If you need to evaluate whichever possible type of equation, regex is not the best solution. I would recommend using some parser task-specific, as we will see below, regex is quite limited to this kind of thing.
If you only want to treat the simplest cases (just a couple of parentheses, without other nested parentheses), a solution (naive and limited, we’ll see why) would be:
List<String> equations = new ArrayList<String>();
Matcher matcher = Pattern.compile("!?\\([^()]+\\)").matcher("!(q+p)*r=(s+r)");
while (matcher.find()) {
equations.add(matcher.group());
}
System.out.println(equations); // [!(q+p), (s+r)]
The regex has an exclamation (!), and the ? soon after indicates that she is optional. Then we have the opening parentheses - which in regex should be escaped with \, but within a string this should be written as \\, so the parentheses are \\(.
Then we have a character class denied: [^()]. It means "anything that nay be it ( nor )" (what confuses here is that inside brackets, the parentheses do not need to be escaped with \). And the quantifier + means "one or more occurrences", that is, we can have several characters that are not parentheses.
Finally, we have the closing of the parentheses: \\). That is, the regex takes a ! optional, followed by (, several characters that are not parentheses and ). I go through the pouch and I will save the results in a list. In the example above, the list contains two strings: "!(q+p)" and "(s+r)".

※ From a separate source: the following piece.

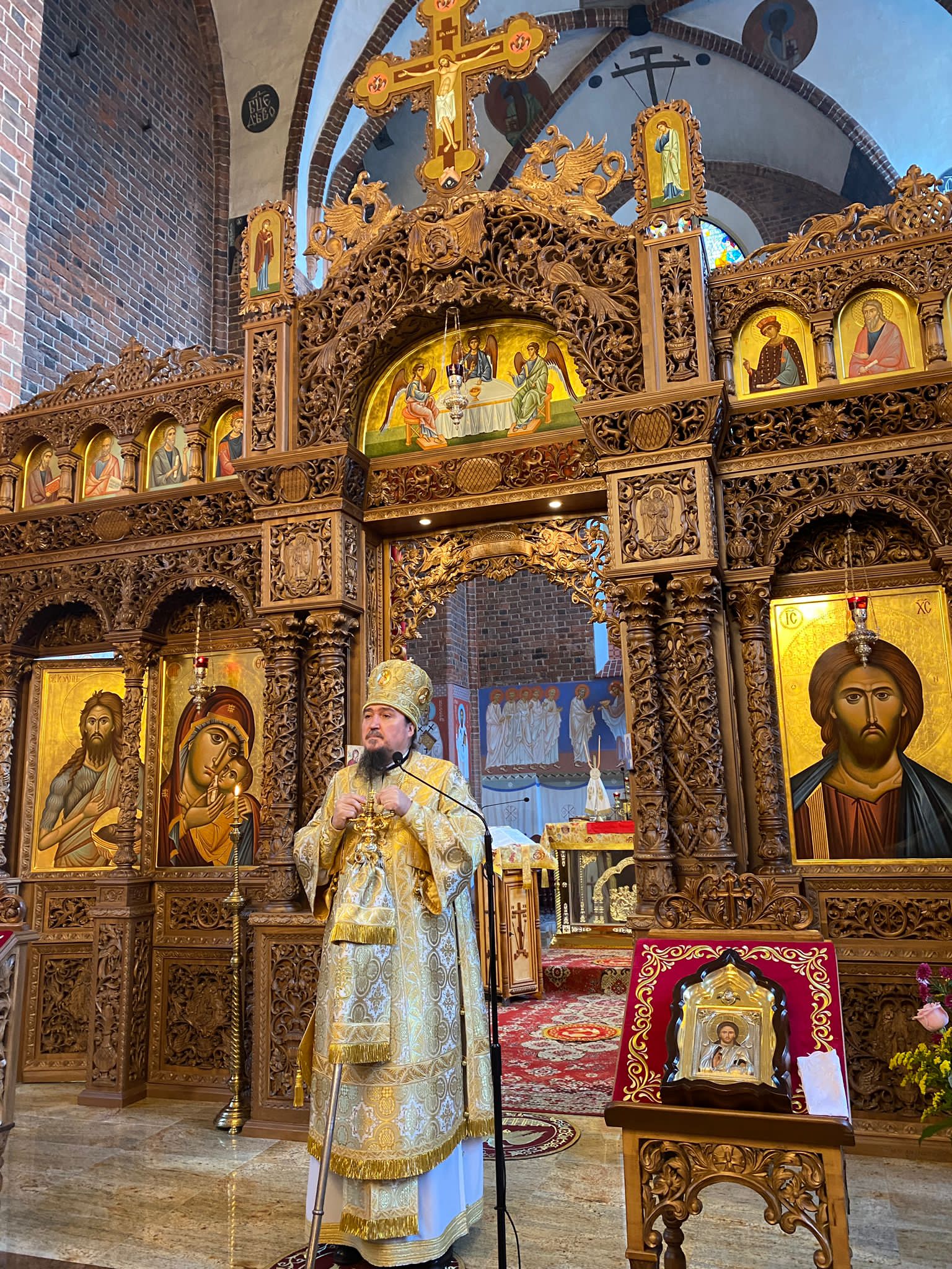 Po wysłuchaniu Ewangelii ze słowem do wypełniających świątynię wiernych zwrócił się Władyka Jerzy. W homilii wrócił uwagę na trzy lekcje, występujące w dzisiejszej Ewangelii. Po pierwsze, żadna choroba nie usprawiedliwia człowieka od relacji z Bogiem, nie zwalnia z wewnętrznej konieczności rozmowy z Bogiem. Po drugie, że żadne wypowiedziane słowo do Boga nie przepada, nawet jeśli Bóg od razu nie odpowiada to te nasze słowo nie znika. Ostatnią z lekcji płynącej z dzisiejszego Ewangelicznego czytania to to, że prawdziwe chrześcijaństwo realizuje się wtedy kiedy potrafimy płakać z płaczącymi i radować się z radującymi.

If you want to delete the parentheses, just use replaceAll:
for (String eq : equations) {
System.out.println(eq.replaceAll("[()]", ""));
}
A regex [()] looking for ( or ), and the replaceAll replaces these with a String empty (""), which is the same as removing them. The result is:
!q+p
s+r
Of course, for the first expression the result is wrong, because !q+p is not the same as !(q+p), then you have to check if it makes sense to remove the parentheses.
One option would be to if (! eq.startsWith("!")) { faz o replace } only to remove parentheses if the expression does not start with !, for example. It’s not clear how you want to treat each case, but having the expression isolated, you can work it the way you need to.
As I said, the above regex is quite naive and error-prone. It only takes everything in parentheses, without validating whether it is actually a valid expression. So if you have things like ( ) or (.$@#%), regex will get it too. It only works if the expression is well formed. If you want a regex that checks any valid expression, then it is not worth it, because they are too possibilities.
You could even assume some simpler premises, such as "the propositions always have a letter", "there are no spaces or line breaks", "there will be no 'strange' characters, such as @#%", etc, but still there are other problems.
For example, if you have nested parentheses (like (q*(s+r))), it also does not serve, because we assume that within the parentheses there are no other parentheses. For these cases, up to would be possible to use recursive regex, but Java does not support this feature, and anyway is not the best way.
The regex would be very complicated, and in addition it would only check if the expression is right, but it would not evaluate the result - for this case you would need a parser specific, so why not use it from the beginning? Regex is cool, but is not always the best solution.